• TASK ITEM: Restate the data word for word. Leave the pictures out.

• DATA SECTION:
========================

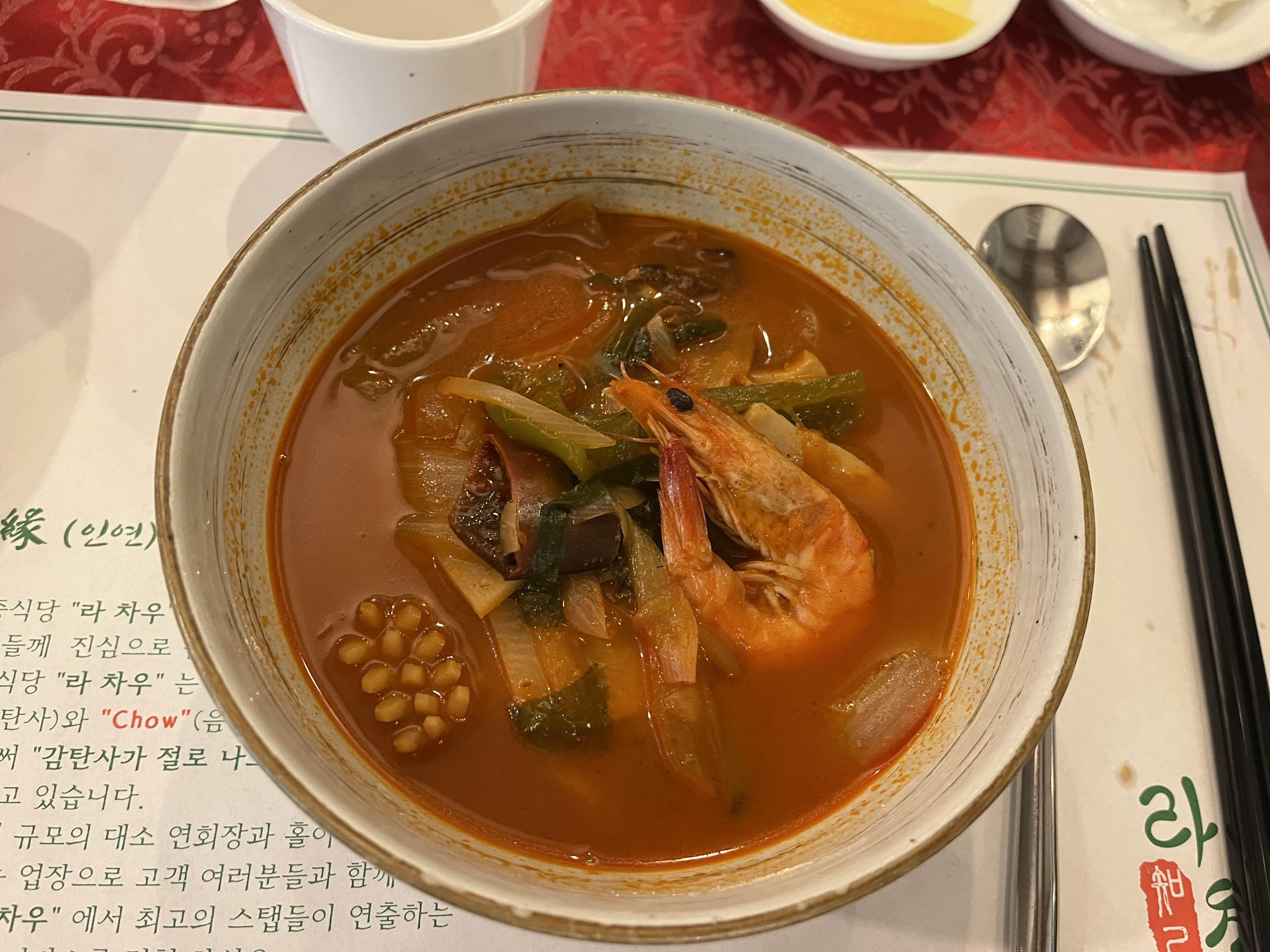 마지막으로 주는 식사요리로 짬뽕을 주문했다. 그릇은 작은데 오징어 새우 등 갖가지 재료가 풍성하게 들어가있다. 면도 적지 않다. 이쯤 되면 배가 너무 부르다고 생각한다. 다음부터는 메뉴가 적게 나오는 코스를 먹어야지 싶다.
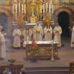 An Mariä Himmelfahrt werden die schönen Marienlieder im liturgischen Ablauf der Feier gesungen. Der Kirchenchor unter Leitung von Wolfram Dreher zeigte mit seinem Gesang, wie schön die Stimmen im großen Kirchenraum klingen. Das »Magnificat« von Alan Wilson sang der Chor in der deutschen Fassung von Matthias Degott. Damit griff der Chor thematisch genau das Loblied auf, das Marinus Parzinger im Evangelium und in seiner Predigt beschrieben hatte. Diesen musikalischen Höhepunkt der Feier gestaltete Wolfram Dreher in harmonischem Zusammenspiel der Stimmen Sopran, Alt, Tenor und Bass, die die prägnante Melodie abwechselnd zu Gehör bringen. Zu Beginn sang der Chor die beiden Choräle »Kyrie« und »Gloria« aus der Messe in C von Anton Bruckner. Während das »Kyrie« in tiefer Tonlage getragen und piano vortragen wurde, war das »Gloria« durch Tempowechsel, Solopart der Männerstimmen und einem fulminanten Höhepunkt (»Qui tollis«) geprägt. Am Ende der Feier zeigte der Chor mit dem »Sanctus« aus der Deutschen Messe von Franz Schubert nochmal sein ganzes Können. Organist Dieter Benson begleitete den Kirchenchor auf der Orgel. Zur Kommunion der Gemeinde spielte er die festliche Bach-Kantate »Wir danken dir«.
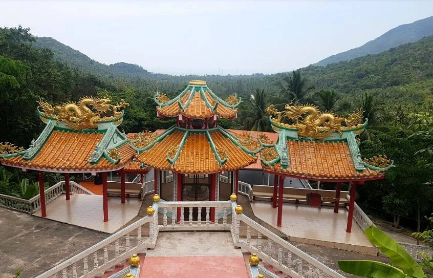 Посередине острова Панган проходит дорога, соединяющая север и юг. Если ехать по этой дороге в сторону юга, то можно заметить китайский буддийский храм стоящий на холме. Мы, конечно, повидали красивых храмов в Таиланде, ну всё равно захотелось заехать и взглянуть на этот не такой старинный храм (ему примерно 20 лет). Разноцветные, яркие рисунки, украшающие храм, выглядят мило на фоне высоких зеленых холмов с пальмами и моря.
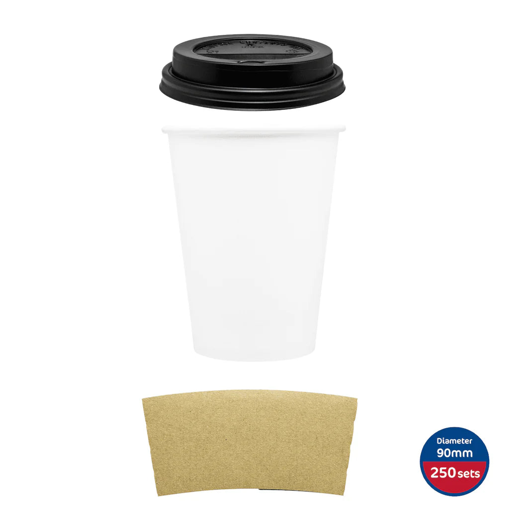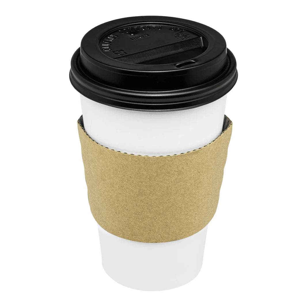 16oz White Paper Hot Cup With Black PP Sipper Lid and Cup Jacket

========================

• OUTPUT BELOW:
 마지막으로 주는 식사요리로 짬뽕을 주문했다. 그릇은 작은데 오징어 새우 등 갖가지 재료가 풍성하게 들어가있다. 면도 적지 않다. 이쯤 되면 배가 너무 부르다고 생각한다. 다음부터는 메뉴가 적게 나오는 코스를 먹어야지 싶다.
 An Mariä Himmelfahrt werden die schönen Marienlieder im liturgischen Ablauf der Feier gesungen. Der Kirchenchor unter Leitung von Wolfram Dreher zeigte mit seinem Gesang, wie schön die Stimmen im großen Kirchenraum klingen. Das »Magnificat« von Alan Wilson sang der Chor in der deutschen Fassung von Matthias Degott. Damit griff der Chor thematisch genau das Loblied auf, das Marinus Parzinger im Evangelium und in seiner Predigt beschrieben hatte. Diesen musikalischen Höhepunkt der Feier gestaltete Wolfram Dreher in harmonischem Zusammenspiel der Stimmen Sopran, Alt, Tenor und Bass, die die prägnante Melodie abwechselnd zu Gehör bringen. Zu Beginn sang der Chor die beiden Choräle »Kyrie« und »Gloria« aus der Messe in C von Anton Bruckner. Während das »Kyrie« in tiefer Tonlage getragen und piano vortragen wurde, war das »Gloria« durch Tempowechsel, Solopart der Männerstimmen und einem fulminanten Höhepunkt (»Qui tollis«) geprägt. Am Ende der Feier zeigte der Chor mit dem »Sanctus« aus der Deutschen Messe von Franz Schubert nochmal sein ganzes Können. Organist Dieter Benson begleitete den Kirchenchor auf der Orgel. Zur Kommunion der Gemeinde spielte er die festliche Bach-Kantate »Wir danken dir«.
 Посередине острова Панган проходит дорога, соединяющая север и юг. Если ехать по этой дороге в сторону юга, то можно заметить китайский буддийский храм стоящий на холме. Мы, конечно, повидали красивых храмов в Таиланде, ну всё равно захотелось заехать и взглянуть на этот не такой старинный храм (ему примерно 20 лет). Разноцветные, яркие рисунки, украшающие храм, выглядят мило на фоне высоких зеленых холмов с пальмами и моря.
 16oz White Paper Hot Cup With Black PP Sipper Lid and Cup Jacket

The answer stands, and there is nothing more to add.